### PROBLEM DETAILS
Would you return exactly the lines below from the line with "Cutout Crystal-Embellished High-Rise" through the line with "Product: Gouden ring", both included, and nothing else, leaving out the pictures?

### RECORDS SUPPLIED
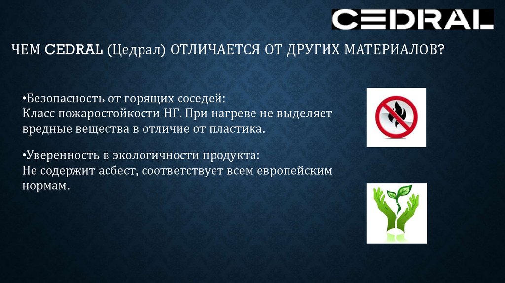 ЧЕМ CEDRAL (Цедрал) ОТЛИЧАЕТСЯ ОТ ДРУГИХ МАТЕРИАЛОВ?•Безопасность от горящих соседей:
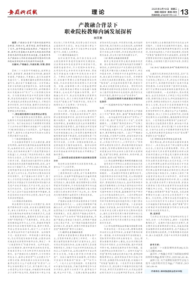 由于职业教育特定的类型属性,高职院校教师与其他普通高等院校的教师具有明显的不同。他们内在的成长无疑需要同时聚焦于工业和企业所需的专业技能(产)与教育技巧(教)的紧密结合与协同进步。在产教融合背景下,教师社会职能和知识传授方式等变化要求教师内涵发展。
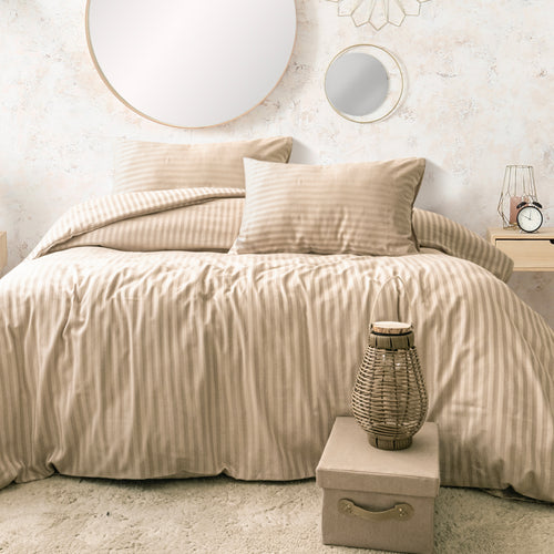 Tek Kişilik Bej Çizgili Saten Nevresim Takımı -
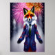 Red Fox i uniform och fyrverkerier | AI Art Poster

---

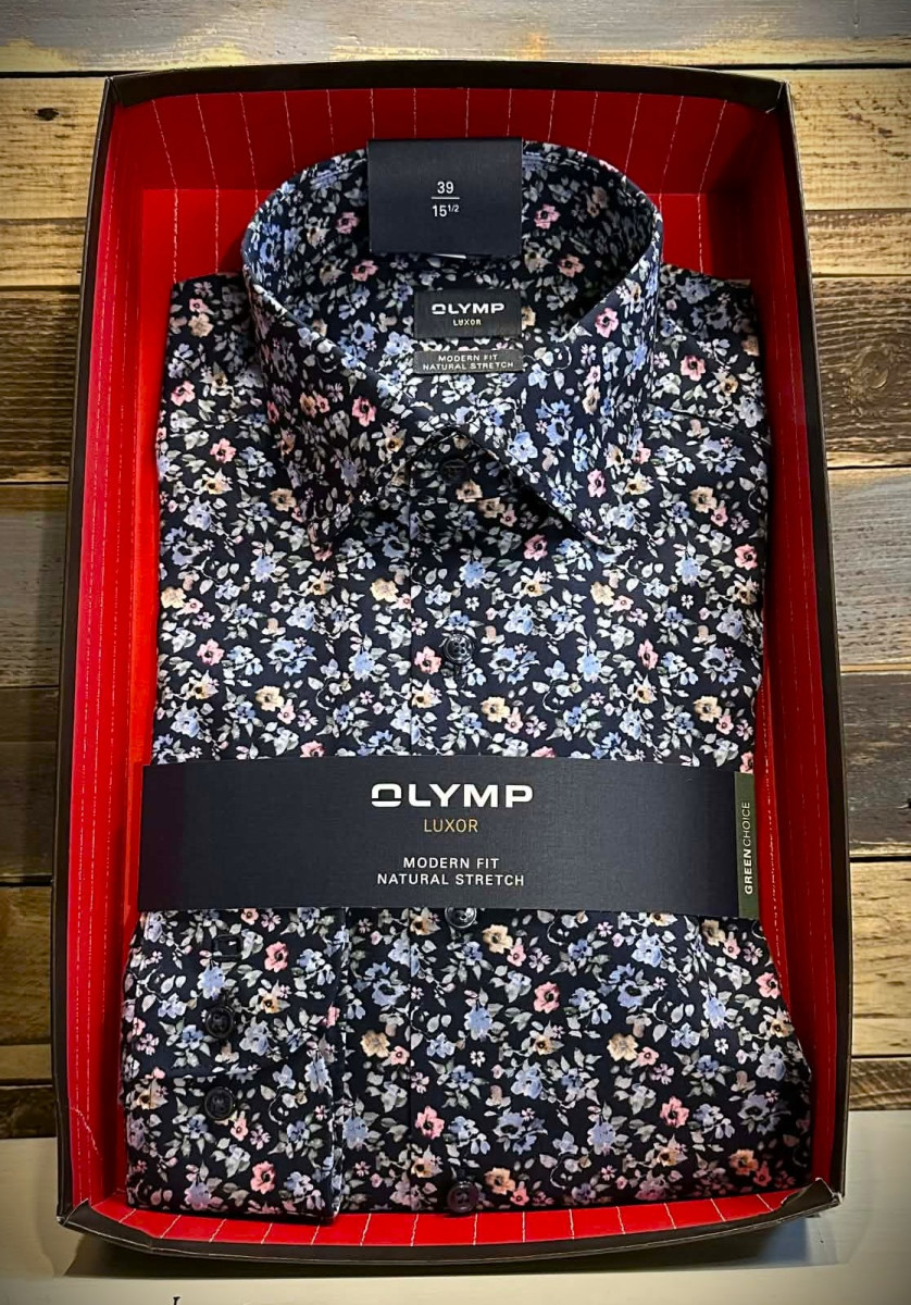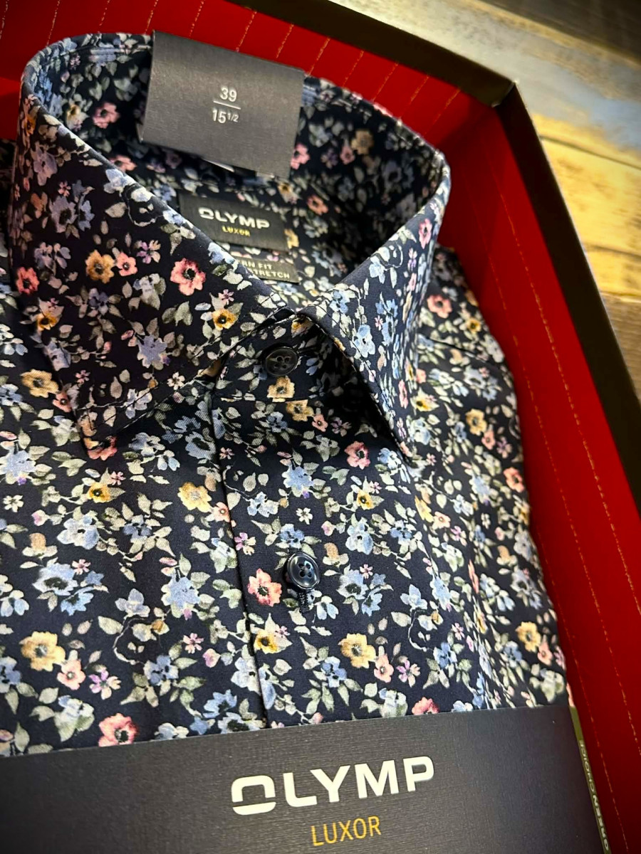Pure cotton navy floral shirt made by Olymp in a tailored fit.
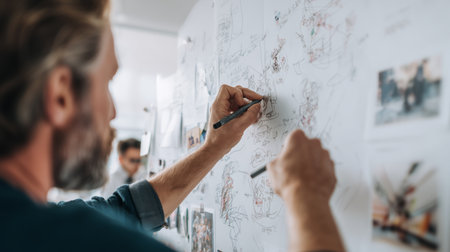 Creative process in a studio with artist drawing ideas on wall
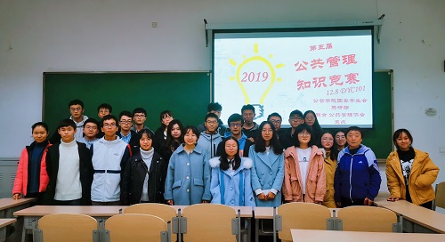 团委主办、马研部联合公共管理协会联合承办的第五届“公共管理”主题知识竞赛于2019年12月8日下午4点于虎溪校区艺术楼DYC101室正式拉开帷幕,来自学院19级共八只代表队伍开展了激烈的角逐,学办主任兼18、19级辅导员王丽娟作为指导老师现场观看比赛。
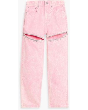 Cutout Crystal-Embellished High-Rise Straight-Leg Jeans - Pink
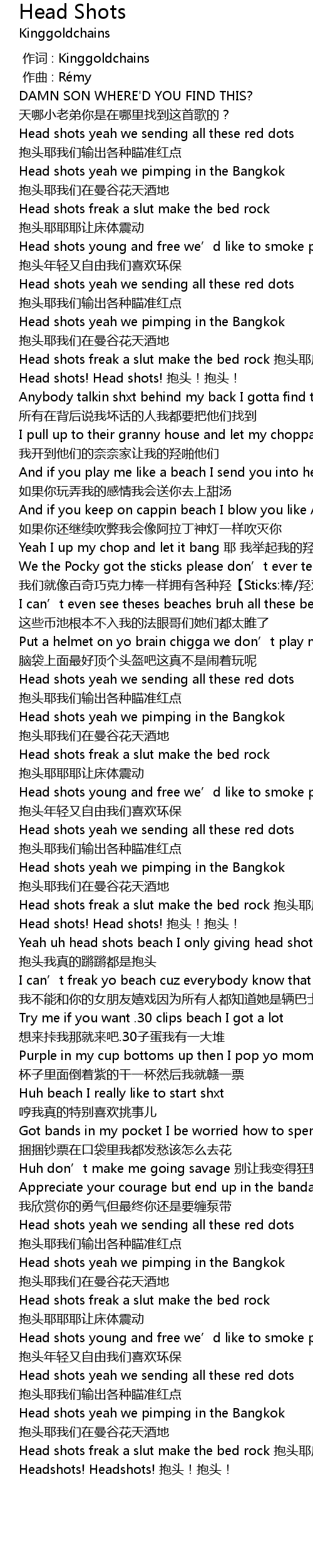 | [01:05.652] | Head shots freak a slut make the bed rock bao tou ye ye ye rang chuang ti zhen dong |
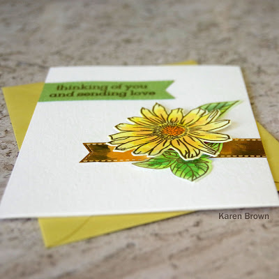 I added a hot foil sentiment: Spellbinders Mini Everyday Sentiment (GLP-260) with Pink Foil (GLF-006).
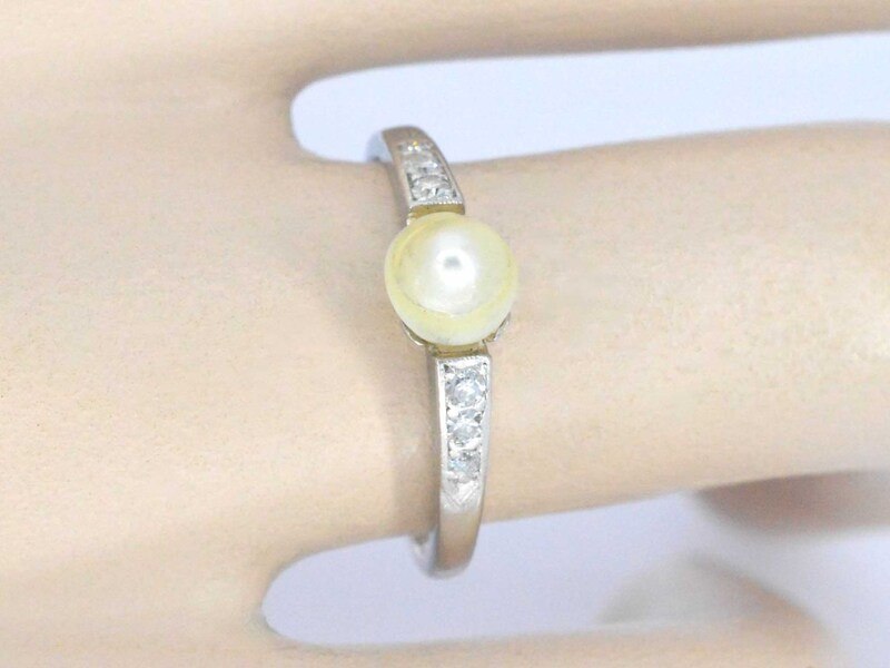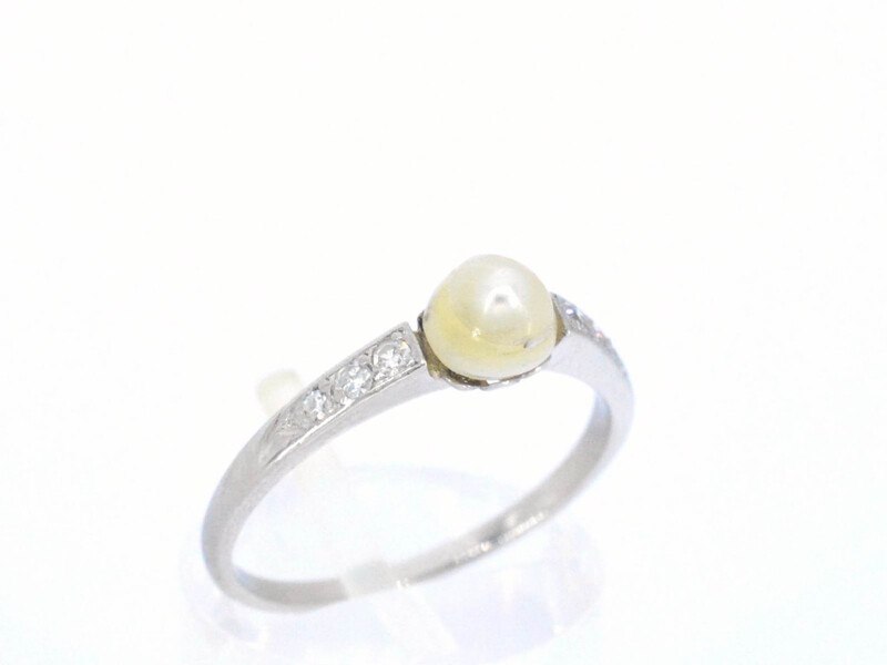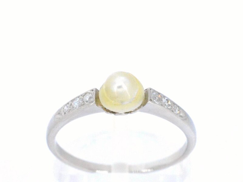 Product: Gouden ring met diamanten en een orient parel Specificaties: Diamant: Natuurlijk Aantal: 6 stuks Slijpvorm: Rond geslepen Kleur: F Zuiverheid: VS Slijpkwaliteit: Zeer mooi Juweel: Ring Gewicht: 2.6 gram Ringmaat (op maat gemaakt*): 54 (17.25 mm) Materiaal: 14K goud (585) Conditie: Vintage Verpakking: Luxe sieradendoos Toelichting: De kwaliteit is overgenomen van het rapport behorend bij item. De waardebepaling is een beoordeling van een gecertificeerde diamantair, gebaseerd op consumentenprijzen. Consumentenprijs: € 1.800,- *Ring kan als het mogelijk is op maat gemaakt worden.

### EXPECTED ANSWER
 Cutout Crystal-Embellished High-Rise Straight-Leg Jeans - Pink
 | [01:05.652] | Head shots freak a slut make the bed rock bao tou ye ye ye rang chuang ti zhen dong |
 I added a hot foil sentiment: Spellbinders Mini Everyday Sentiment (GLP-260) with Pink Foil (GLF-006).
 Product: Gouden ring met diamanten en een orient parel Specificaties: Diamant: Natuurlijk Aantal: 6 stuks Slijpvorm: Rond geslepen Kleur: F Zuiverheid: VS Slijpkwaliteit: Zeer mooi Juweel: Ring Gewicht: 2.6 gram Ringmaat (op maat gemaakt*): 54 (17.25 mm) Materiaal: 14K goud (585) Conditie: Vintage Verpakking: Luxe sieradendoos Toelichting: De kwaliteit is overgenomen van het rapport behorend bij item. De waardebepaling is een beoordeling van een gecertificeerde diamantair, gebaseerd op consumentenprijzen. Consumentenprijs: € 1.800,- *Ring kan als het mogelijk is op maat gemaakt worden.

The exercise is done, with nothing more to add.